Slovakia declared a state of emergency on November 29 in a bid to prevent the collapse of its health service, as it claims that the need to consolidate the budget means it cannot satisfy the pay demands of 2,000 doctors who have handed in their resignations. The move by the government will mean doctors that follow up their decision to quit - which is due to take effect on December 1 - could face stiff penalties, including prison.
Just as in other countries in the region, Slovak doctors working in public hospitals have been demanding a pay rise for some time now. Their union is asking for a hike of €700 per month, but the government has said it can afford no more than €300, reports AP. The health ministry has said that the increase is the maximum possible as the country faces an economic slowdown on the back of the sovereign debt crisis. The state of emergency at 15 hospitals means the doctors must stay at their jobs or face fines or even prison terms.
Prime Minister Iveta Radicova announced the measure following an emergency cabinet meeting. Calling the situation "very serious," Radicova said she agrees the doctors salaries are "inadequate," but that the government cannot afford to increase its offer because of the debt crisis in Europe. "Any further raise above the offered €300 would be populist irresponsibility, because the government can't afford it," Health Minister Ivan Uhliarik said on November 28, adding that it is still unclear how many doctors would change their minds and accept the offer. He also admitted that he has asked neighbouring countries to send doctors to help.
For their part, the doctors say that on top of compensation, they are also protesting about the state of the country's health system overall. "Slovak health care is collapsing even without the mass exodus of doctors," deputy chairman of the Medical Trade Union Association, Peter Visolajsky, told AFP. "The hospitals are understaffed [and] there are not enough young doctors because the job is not attractive to young people. One-third of medical students don't want to stay in Slovakia after they graduate."
It's not hard to see why. The average monthly salary of a young doctor in Slovakia is €550-600, he estimates, while experienced specialists earn no more than €1,000-1,200.

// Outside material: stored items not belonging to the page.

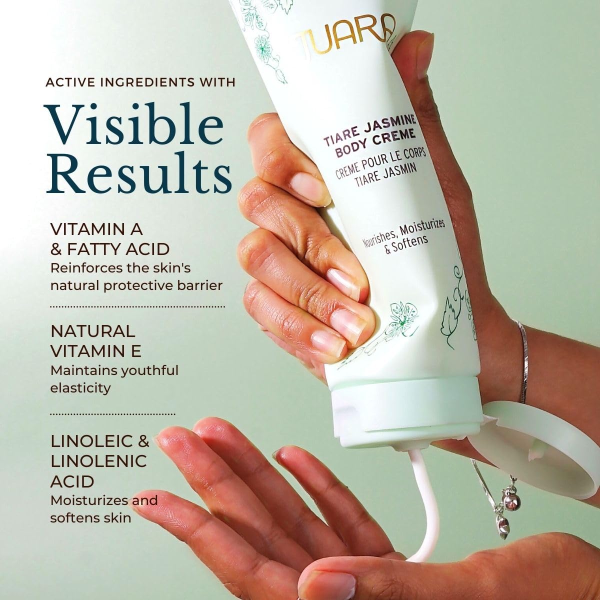 Juara - Tiare Jasmine Body Creme | Moisturizing Lotion | Dry Skin Hydration | Skin, Hands and Feet Cream | Soothing Skincare Balm | Cruelty Free, Paraben, Sulfate Free, Vegetarian | 8 oz
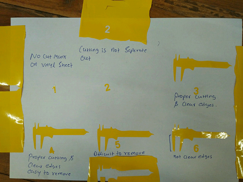 1 for getting right cutting of vinyl sticker must do test cut varing force as it give you correct value of force so your sheet will cut nicely
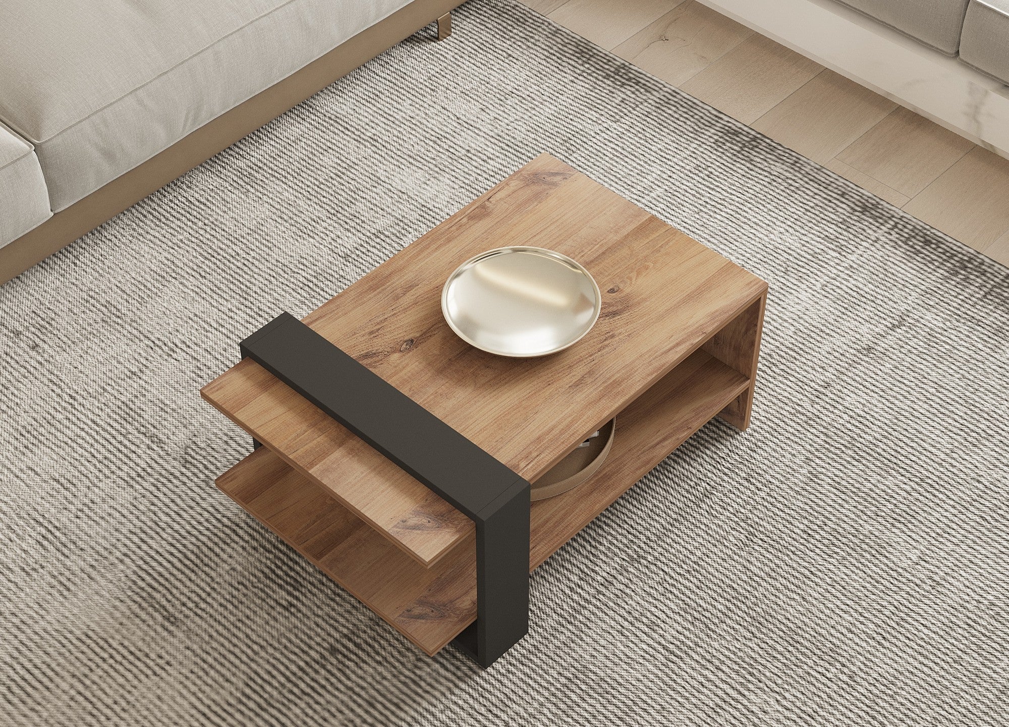 A tölgy és az antracit szín kombinációja egyedi és ipari megjelenést kölcsönöz ennek a dohányzóasztalnak, így tökéletes kiegészítője lehet bármilyen kortárs vagy modern dekorációnak. A 2 szintes kialakításának köszönhetően extra funkcionalitást biztosít, így könnyedén kiállíthatja kedvenc dísztárgyait, vagy tárolhatja alapvető dolgait.
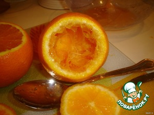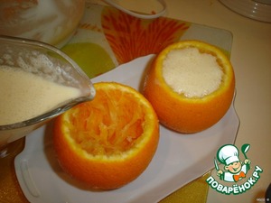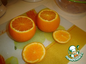 С 4 апельсинов срезать верхушки(порция на 4 персоны).
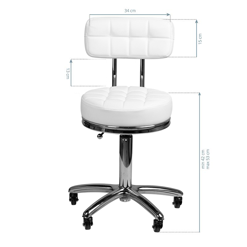 white cosmetic stool with a quilted seat and a comfortable backrest. it is height-adjustable and the arm-like base is equipped with solid metal-rubber wheels.
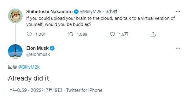 特斯拉CEO埃隆-马斯克表示,他已经将自己的大脑上传到云端,并已经与自己的虚拟版本交谈过。
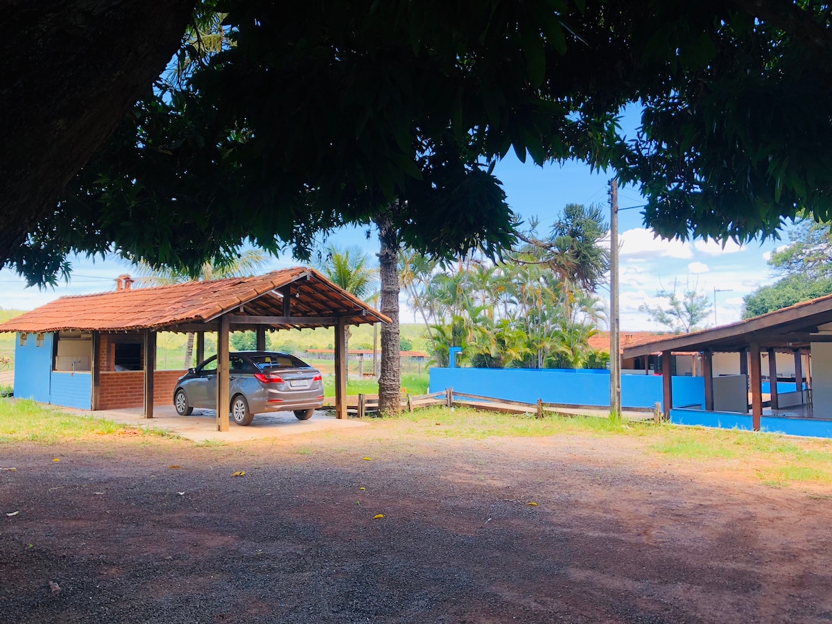 Chácara aconchegante situada a 70km de Brasília, a 5km da divisa entre DF e GO e a 1km da BR 251. Lugar perfeito para descansar e contemplar a natureza. Local com diversos pássaros, nascente, frutíferas, mata, tanque para pesca infantil e galinheiro. Casa confortável com churrasqueira, mesa de ping pong, duas piscinas, uma delas infantil, ideal para momentos em família e de pequenos grupos de amigos. Conceito de hospedagem rural de perfil familiar.
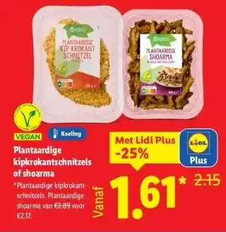 De prijs van de VEGAN Koeling Plantaardige kipkrokantschnitzels of shoarma kan ook teruggevonden worden hierboven op de pagina, samen met de datum van wanneer de aanbieding beschikbaar is. Ook kun je de prijzen in de huidige Lidl folder of op de Lidl website controleren. De aanbiedingen verzekeren je van het kopen van de Lidl producten voor de laagste prijs.

However, with the government lacking a majority in parliament since its ruling coalition collapsed in October over the vote on expanding the Eurozone bailout fund, it would be hard pressed to push any larger deal through parliament anyway. The main opposition Smer party has already illustrated its political immaturity, and, given that it's expected to win snap elections set for March, is hardly likely to vote through a measure that would leave the next government with a huge funding headache.
The Slovak Medical Chamber said in a statement that the declaration of the state of emergency is "inadequate" and won't solve the problem. The organisation also called for Uhliarik to resign. However, with the country facing increased belt-tightening in expectation of a slowdown in economic growth in 2012, the daily Sme says that the medical profession is losing the support of the man in the street. "In times in which the real income of most Slovaks is sinking, the doctors are being promised a third more," the paper writes. "Most voters don't have a doctor in the family. And where the clinics are supposed to get the money to finance this is also a matter of controversy... With each day that passes, the doctors are losing more of the public's respect. There was a time when doctors, teachers and judges were held in high esteem. The doctors' trade union is running the risk that those times become nothing more than a melancholic memory."
At the same time, the situation will hardly help the Slovaks accept the higher contribution that their country finally agreed to make towards bailing out fellow profligate Eurozone members such as Greece.